Friday, January 11, 2008

THE SURGE IS DEAD - LONG LIVE THE SURGE

Ralph Peters understands that the point of war is to kill as many of your enemy as possible and demoralize the ones left alive.

We dropped 20 tons of bombs on 40 terrorist targets yesterday, including safe houses, weapons caches and IED factories. In a late-afternoon exchange with The Post, Gen. David Petraeus characterized our current ops as "executing aggressively, pursuing tenaciously."

The headlines at home? "Nine American Soldiers Killed." No mention of progress or a fleeing enemy on the front pages. Just dead soldiers.

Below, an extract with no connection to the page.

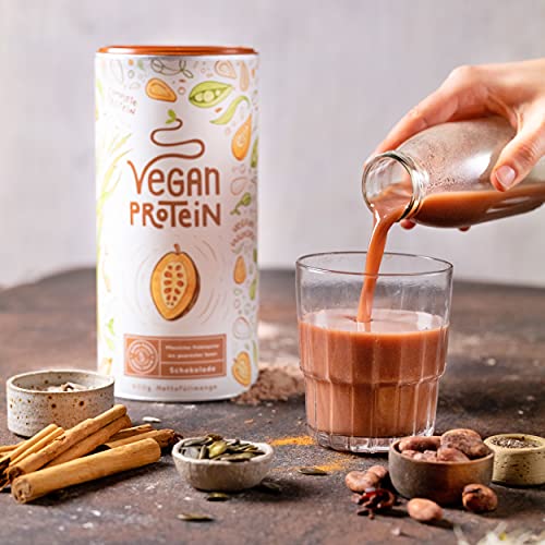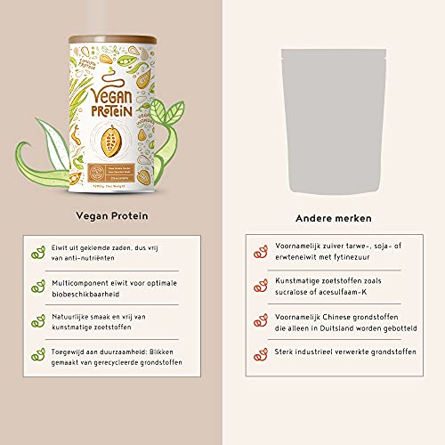 Vegan Protein – Chocolade – Plantaardig proteinen van gekiemde rijst, erwten, lijnzaad, amaranth, zonnebloempitten…
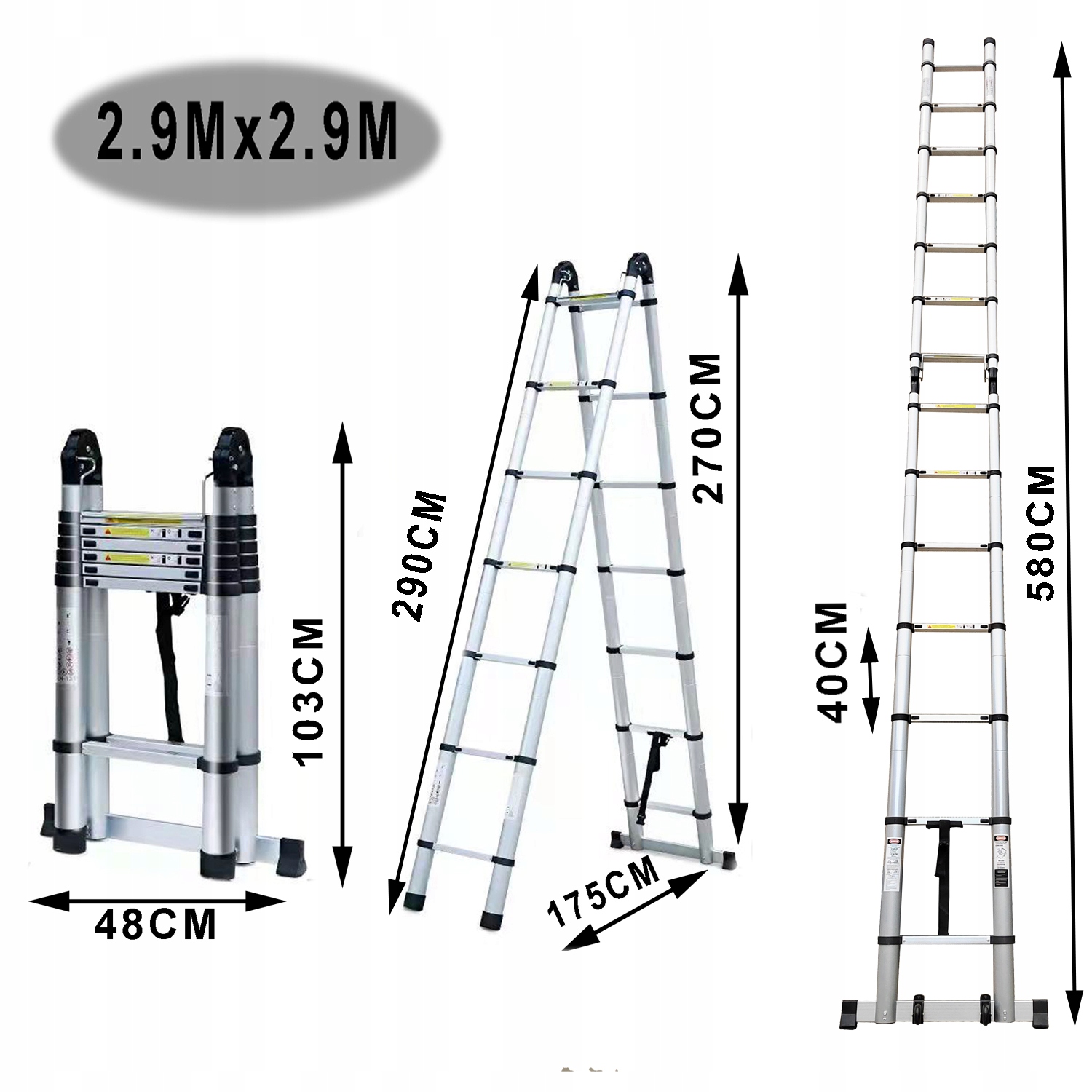 Алюминиевую лестницу 2 в 1 можно использовать как лестницу типа А, прямую лестницу, телескопическую лестницу и лестницу. Лестница типа А имеет высоту 2,9+2,9 м, а прямая лестница имеет высоту до 5,8 м, что идеально подходит для использования внутри и снаружи помещений.

Harry Reid and friends so wanted failure that they declared it so before it even began. Now, a great silence. Where is big mouth Murtha lately?

Determined to elect a Democrat president, the "mainstream" media simply won't accept our success. "Impartial" journalists find a dark cloud in every silver lining in Iraq. And the would-be candidates themselves continue to insist that we should abandon Iraq immediately - as if time had stood still for the past year - while hoping desperately for a catastrophe in Baghdad before November.

They assail Bush for sending troops off to die. But what a far greater offense to hope that they do, for your political gain.
Oh, and the left turned out to be dead wrong, as usual. We hadn't created an unlimited supply of terrorists. In fact, the supply turned out to be very finite, to al Qaeda's chagrin. And killing them worked. (One of the great untold stories of 2007 was the number of al Qaeda corpses.) And our former enemies have been killing them for us.

And who doesn't like a dig at the Times?
And a final note: The [New York] Post had over a week's advance warning of Operation Phantom Phoenix, but didn't publish it. We don't share our nation's secrets with our enemies.

The candidates and most of the media are trying to remove Iraq and national defense as an issue because they so utterly fail on it. There is one main reason (among lots of others, but one main one) to keep that party out of office, and I hope that one reason resonates again by election day.